= Jim Eastwood =

Northern Irish businessman

Charles James Eastwood (born 1978) is a British businessman from Cookstown, Northern Ireland, who was one of the final four contestants in the seventh series of the BBC reality TV series The Apprentice. He was born in Cookstown and is a graduate of the University of Ulster and the University of North Carolina. During his time on The Apprentice, he gained the nickname "Jedi Jim" due to his persuasive abilities and use of mind games. Eastwood is also a former all-Ireland cycling champion.

== The Apprentice ==
In 2011, Eastwood appeared on the seventh series of The Apprentice. He started out well, shining individually despite being on the losing team for three of the first four tasks. He came to prominence on the show after persuading his team leader Leon Doyle to select a different person to bring back into the boardroom after he had already decided Jim would be one of the two candidates. Eastwood then drifted for the next few tasks, only just avoiding being fired in week 5 after a poor product naming decision. From then on, he was branded "evil" and was branded by Lord Sugar's aide at the time Nick Hewer as "spooky" because of his apparent decision to use his abilities of persuasion more aggressively, having another narrow escape in week 7 as project manager, when his mistake in negotiation over advertising space in the Hip Replacement magazine cost the team victory.

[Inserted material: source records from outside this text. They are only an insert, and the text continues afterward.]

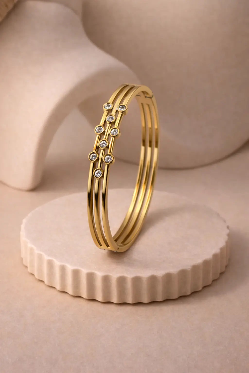 A refined three-line gold cuff accented with delicate crystal details, designed for understated sparkle and modern elegance. Perfect for elevating everyday looks with a touch of quiet luxury.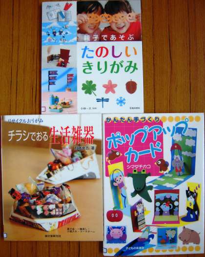 (右上)その他にこんな本もあります。『かんたん手づくりポップアートカード』、『チラシでおる生活雑器』、『親子であそぶたのしいきりがみ』(図書館で出番を待ってます。)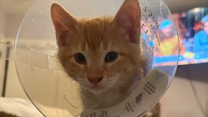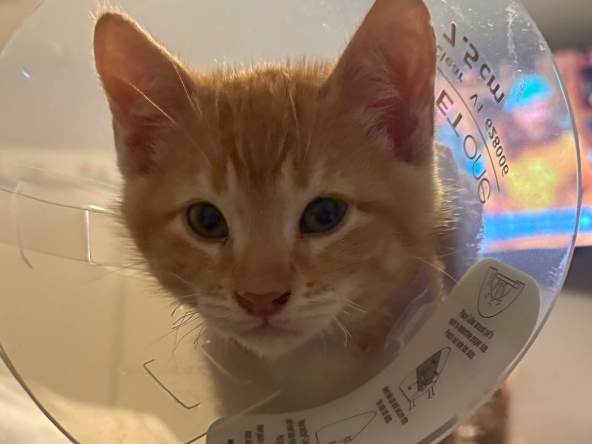 Later that night, our kitten’s tail began bleeding significantly more. The cone wasn’t doing its job… instead of preventing contact, it was rubbing against the wound and causing further irritation. He was clearly in pain and declining, so we rushed him to the emergency vet, hoping they could clean and bandage the injury.

However, Eastwood had a return to form in week 9, when he not only designed a well-received luxury biscuit called Special Stars, but also helped secure the biggest victory ever seen in the UK version of The Apprentice, by delivering a pitch to Asda that persuaded them to place an order of 800,000 units. Eastwood once again shone in the reinvestment task with huge sales of umbrellas, although his performance, and that of Susan Ma, was overshadowed by the bizarre decisions of his project manager Natasha Scribbins, who failed to understand the point of the task and refused to reinvest on the second day in any substantial quantity. Eastwood reached the final despite a second disastrous loss as project manager, in which Venture's concept for a Mexican restaurant lost in every single category to Logic, made worse by the failure to produce any financial plan for the pitch. Jim's survival was mostly a result of Natasha taking a total backseat on the task, despite possessing a degree in hospitality, but he was nonetheless tipped for victory by previous candidates. Though he was dubbed "The World's Greatest Salesman" by Lord Sugar, he failed to win as the interviewers considered his business plan an attempt to ingratiate himself with Lord Sugar.

== After The Apprentice ==
After The Apprentice, Eastwood set up his own business as a public speaker. His nickname has also been featured on a t-shirt, one of which was given by Eastwood to host Dara Ó Briain on The Apprentice: You're Fired!.

He was hired as the Regional Vice President of Groupon Ltd for the UK and Ireland in November 2011. Since March 2017, he serves as the Global Sales Director for Travel Counsellors Ltd.